Au moment où le président de la HAT débarque à l’aéroport d’Ivato, après un séjour privé en France insiste la communication officielle de la présidence de la HAT, Ralambo C. et Aina R. publient le rapport de mission d’une équipe de protecteurs de l’Environnement effectué à Antalaha auprès du rassemblement « populaire » organisé par les « parrains » du bois de rose le samedi 30 juillet 2011. Le titre même du rapport en dit long sur l’activité de ces « parrains » : activité mafieuse, pour dire que c’est tout un réseau qui a la main haute depuis le bas jusqu’en haut de l’échelle.

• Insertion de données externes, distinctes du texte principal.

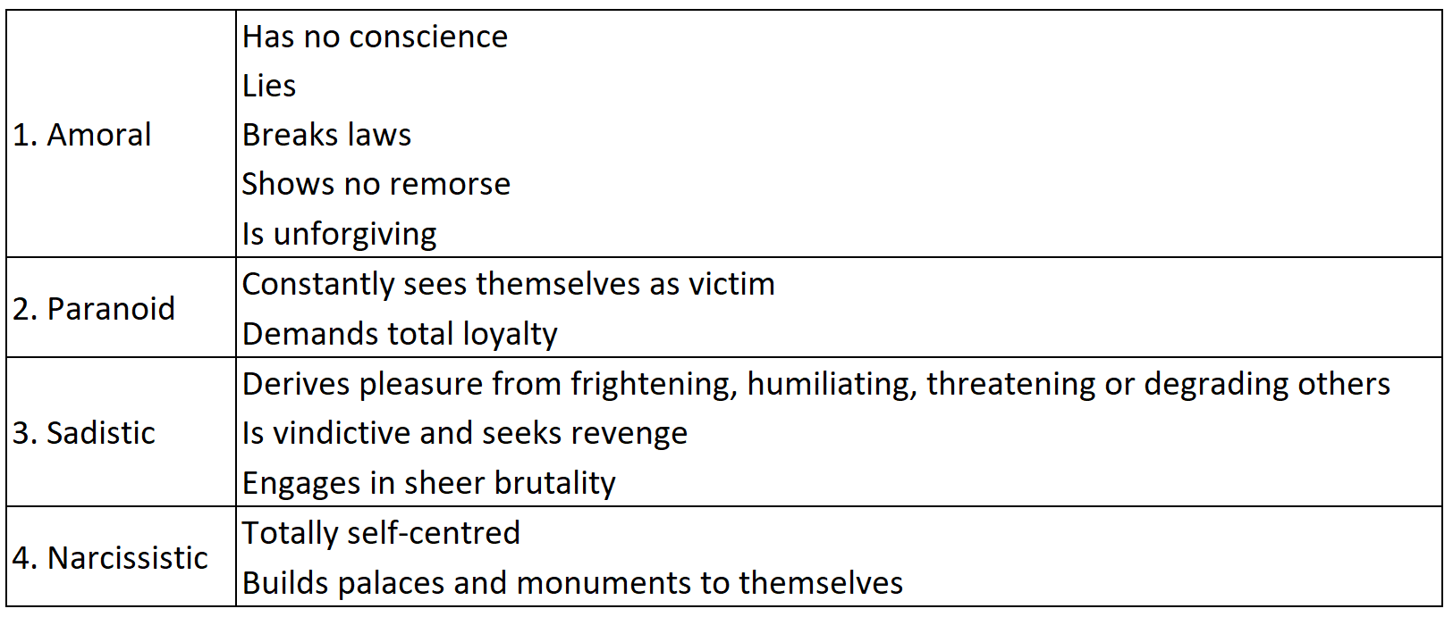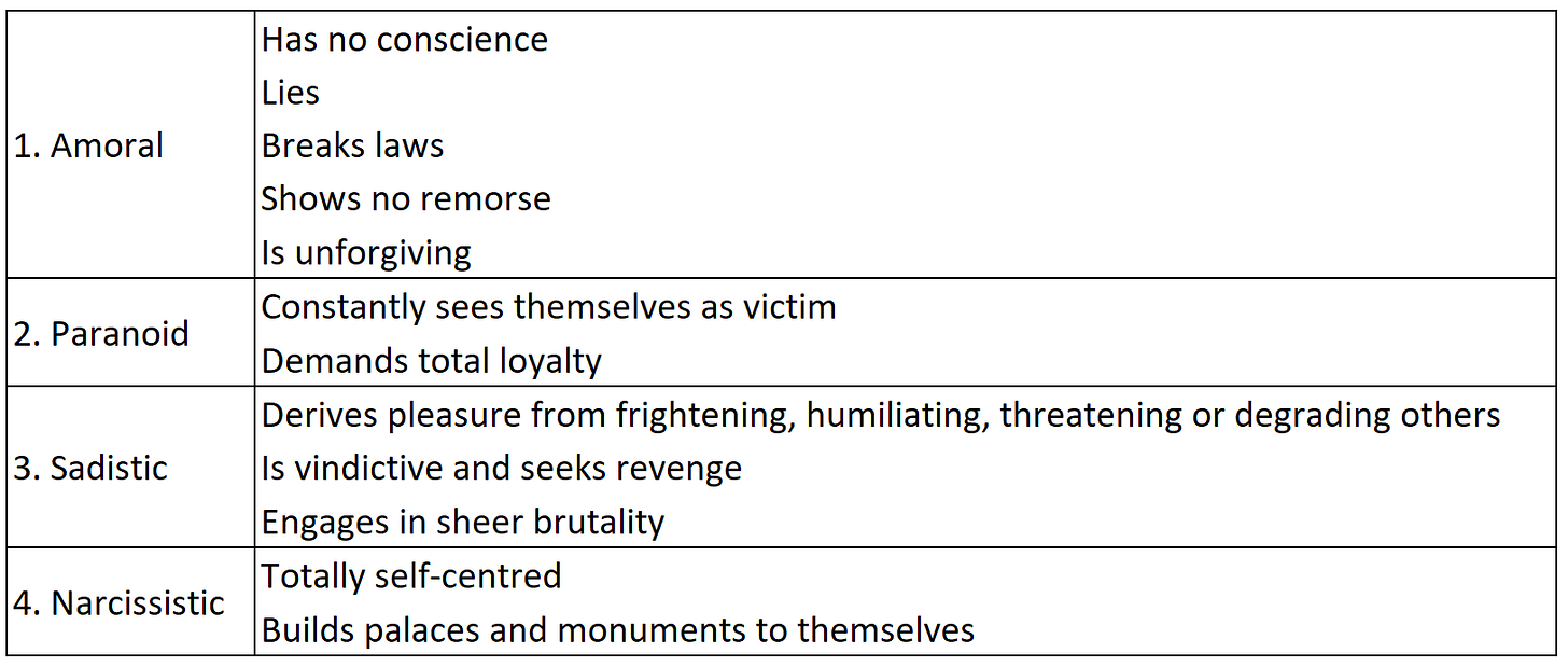 So what are some of the characteristics of dictators? John Gartner, a US psychologist, identifies them as malignant narcissists.

Mieux, ce rapport (voir le texte dans cette même édition) livre les noms de ces « parrains » et leurs connexions avec l’extérieur. Et il conclut par des questions telles : qu’est ce que le pouvoir attend pour arrêter et remettre ces « parrains » à la justice ? car c’est l’occasion pour ce pouvoir de démontrer qu’il n’a aucun lien avec ces pratiques mafieuses. Dans le cas où le pouvoir en place ne le ferait pas, il est clair, a-t-on compris, que celui-ci ne serait pas étranger au trafic de bois de rose. En tout cas, les auteurs de ce rapport accablant sur les « parrains » précisent que tous les noms qu’il énumère sont déjà cités dans le document de référence écrit par Herizo Randriarimalala et Zhou Liu de Madagascar Conservation & Développement, intitulé « Bois de rose de Madagascar : entre démocratie et protection de la nature ».
À beaucoup d’égards, les auteurs de ce rapport ont confirmé certaines assertions qui avancent que les « parrains » du trafic de bois de rose sont aujourd’hui en train de défier le pouvoir s’il ose s’en prendre à eux. Samedi 23 juillet dernier, ils ont déjà manifesté leur mécontentement devant les mesures que le pouvoir HAT a l’intention d’imposer, c’est-à-dire, de faire l’inventaire des stocks de bois de rose et de prendre en main tous les stocks pour les vendre au nom de l’État. Mais devant cette levée de bouclier du samedi 23 juillet, des voix autorisées de la HAT font comprendre qu’il s’agirait pour l’instant des stocks de bois de rose saisis ; quant aux autres stocks privés, ils seront vérifiés, sans plus ; et des négociations pourraient être conduites pour indemniser leurs « propriétaires » si leurs stocks sont légaux.
Les « parrains » de ce trafic de bois de rose ne l’entendaient pas ainsi et ont continué ce samedi 30 juillet à protester en organisant un autre rassemblement au terrain municipal d’Antalaha, pour dénoncer ce qu’ils estiment comme une « injustice » à leur endroit.
Qui sont-ils ces « parrains » ?
Ce sont d’anciens députés, des retourne-veste qui sont devenus des milliardaires et de grands opérateurs économiques, voire des investisseurs dans le tourisme ou l’hôtellerie. Certains parmi eux bénéficient même de la protection des autorités locales. Un autre « parrain » par contre est connu pour avoir été chômeur, sans réel emploi connu mais qui, depuis 2009, est craint parce qu’il est devenu très riche pour avoir trempé dans le trafic de bois de rose avec des clients chinois. Cet individu s’est distingué depuis 2009 par des achats de villas appartenant à un ancien milliardaire dans la vanille tombé en faillite.